I did a force cron of course, and a force update, but that didn't help.
I am sure I am doing something wrong, but I have no clue what ( :-[ ?)
Would anybody know how to fix this?
Thank you ;D
(And again, BB: :-* :-* :-* :-* :-* ).
[b]EDIT: for point 2, it appears the PASS alias is only created (in tables), and the firewall rule is only created, if the alias contains at least one IP. So an empty alias (which mine initially was) does not create the alias table or the floating rules.
-
-
The suppress alias is visible in normal pfS aliases list (pfBlockerNGSuppress). Also, works only for /24 and /32.

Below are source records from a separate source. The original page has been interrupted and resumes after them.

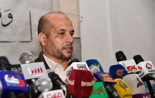 من جانبه جدد عضو المكتب السياسي لأنصار الله عبدالوهاب المحبشي التأكيد على موقف اليمن المبدئي والثبات ووقوفه إلى جانب الشعب الفلسطينى وقضيته العادلة واستعادة أراضيه وإقامة دولته المستقلة وعاصمتها القدس الشريف.
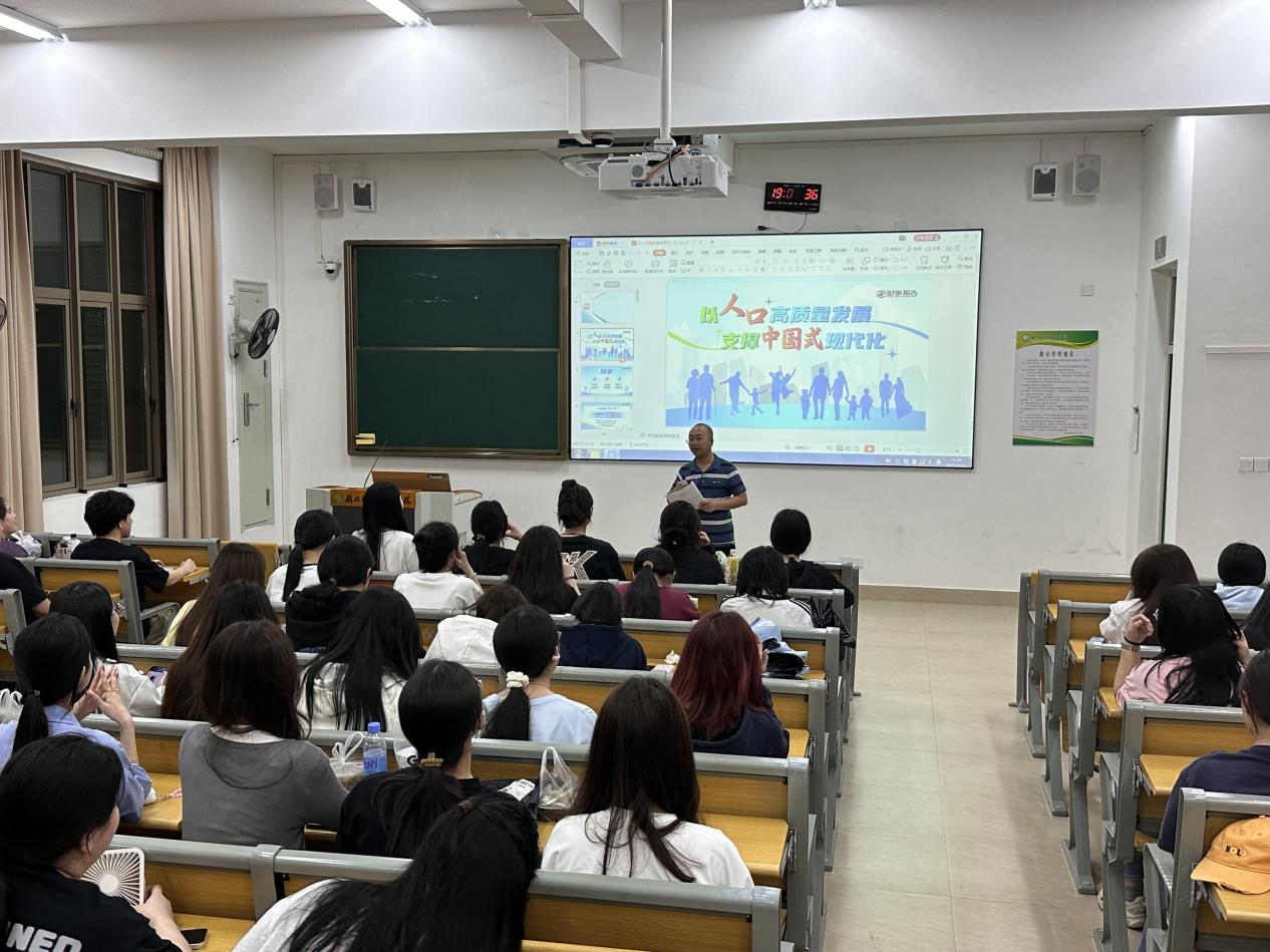 我国长期是世界人口最多的国家,人口问题始终是我国面临的全局性长期性、战略性问题。为了让学生全面认识、正确看待我国人口发展新形势,在2025年4月16日,设计系和管理系联合党总支副书记、副主任(主持工作)白雁飞,以“人口高质量发展支撑中国式现代化”为主题,在3号教学楼201教室为管理系近100为同带来了一堂深刻而富有启发意义的思政课。
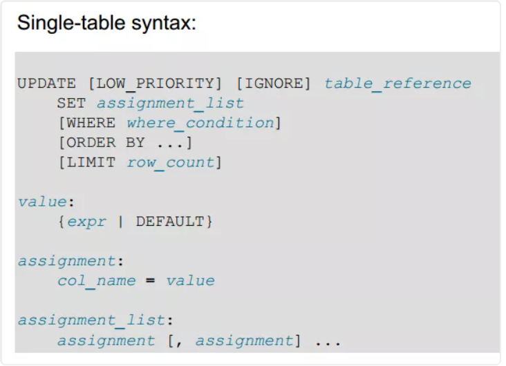 看起來,語法是完全沒有問題,翻了翻 MySQL 官方文檔的 update 語法:

Any of the Alias list actions are for manually created rules only. No auto rules will be created for these. -
The suppress alias is visible in normal pfS aliases list (pfBlockerNGSuppress). Also, works only for /24 and /32.
Any of the Alias list actions are for manually created rules only. No auto rules will be created for these.Thanks for clarifying this, Dok ;D
Why doesn't it create the rules automatically? On the todo-list?
-
No, definitely not on todo list, it's a feature. If you want auto rules to pass traffic, use the list action Permit {Inbound,Outbound,Both}.